In terms of business intelligence, chatbots provide a fast, effective method for upper management to query aspects of their business and inform their decision making. Most significantly, management can make those queries directly, without using technical language. The ability to have the most up-to-date reporting (on KPIs and other metrics) available on demand at any time could be a key advantage.
Sentiment Analysis and Customer Management
But the opportunities extend beyond customer data analysis as we currently know it. Sentiment analysis (determining the feelings of a speaker from their text) is an established tool on social media, used to analyze opinions about a product or service.

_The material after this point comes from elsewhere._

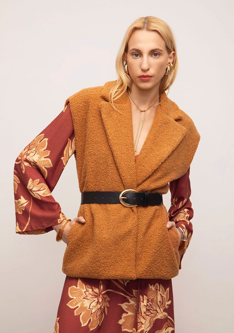 Envolva-se com a sofisticação do Colete Iódice Solto Sem Manga Alongado Marrom, uma peça que une o charme da tradição com a modernidade vibrante. Inspirado na estética japonesa e na filosofia Wabi-Sabi, este colete é a essência da originalidade, com sua modelagem alongada que valoriza cada movimento com leveza. Feito em poliéster com toque de elastano, ele oferece conforto e elegância, ideal para ocasiões casuais ou formais. Combine-o com calças de alfaiataria ou vestidos fluidos para um visual atemporal. Sinta-se confiante e autêntica, transformando cada momento em uma experiência inesquecível. *Os acessórios não acompanham a peça.*

This can be employed in chatbot conversations to determine when a customer feels positive (implying that the service has been successful and met their needs) or negative (implying that they are dissatisfied with the level of service). That is particularly helpful in predicting when a someone is about to ‘churn’ (stop being a customer) – a special deal could be offered at that point to encourage them to remain for example.
In fact, sentiment analysis can help companies understand the feelings of a customer throughout their entire lifecycle. Knowledge of which parts of the service work for different people, and which parts of the service influence a decision to complete a transaction, is invaluable for businesses. Given that there is significant room for improvement in understanding the full spectrum of human emotions (made more complex by constantly changing vernacular), there is huge future potential in the insights that customer conversations give us.

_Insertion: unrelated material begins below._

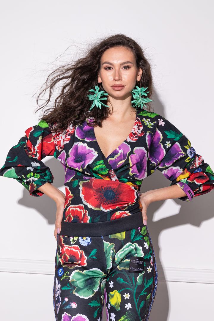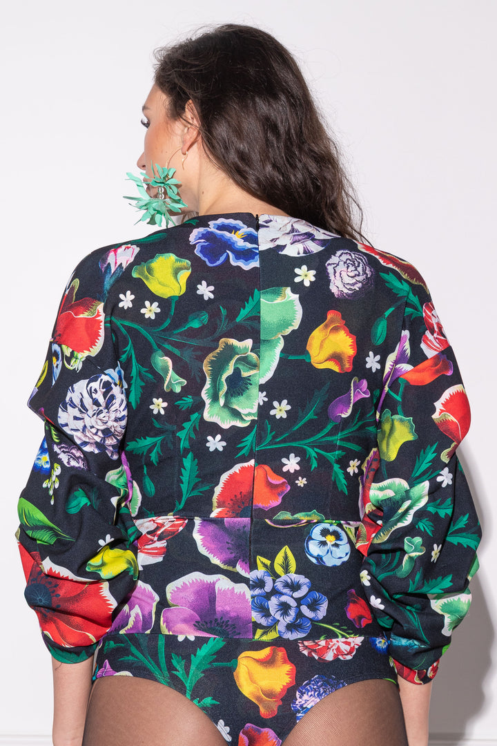 Háromnegyedes és enyhén puffos ujjú, alak követő body. Elején „V” kivágású és átlapolt, mell alatt, valamint az ujján hajtások formázzák. Háta közepén zipzárral nyitható. Alján gumizott combrésszel és állítható patentos kapoccsal záródik. Ujjára SUGARBIRD feliratú címkét varrtunk.

It is clear that communicating with customers in a conversational format has advantages for enterprise, from the ability to learn much more about specific customers, to providing another source of information regarding general customer trends and opinions. In the future, as natural language processing and other related technologies develop, it will be possible for chatbots to be used for more and more tasks that are currently completed using websites or apps.
At a certain point their human-like interactions will become so advanced, and their use so widespread, that we won’t even consciously think about the fact we are interacting with a machine and not a human (the equivalent of chatbots passing the Turing Test). As that happens, it is not unreasonable to assume we will become more trusting of them, and interact with them as if they were friendly, human assistants. This can only lead to our being willing to share even more valuable data with them.
There is a growing awareness of the importance of big data in enterprise, and it should be noted that the data we get from chatbot conversations will not replace that which we get from other sources (such as social media). However, in the coming years it will form a huge new source of big data, which businesses will have to take advantage of in order to stay competitive. Business analytics and intelligence based on natural language processing should be a key part of strategy going forward.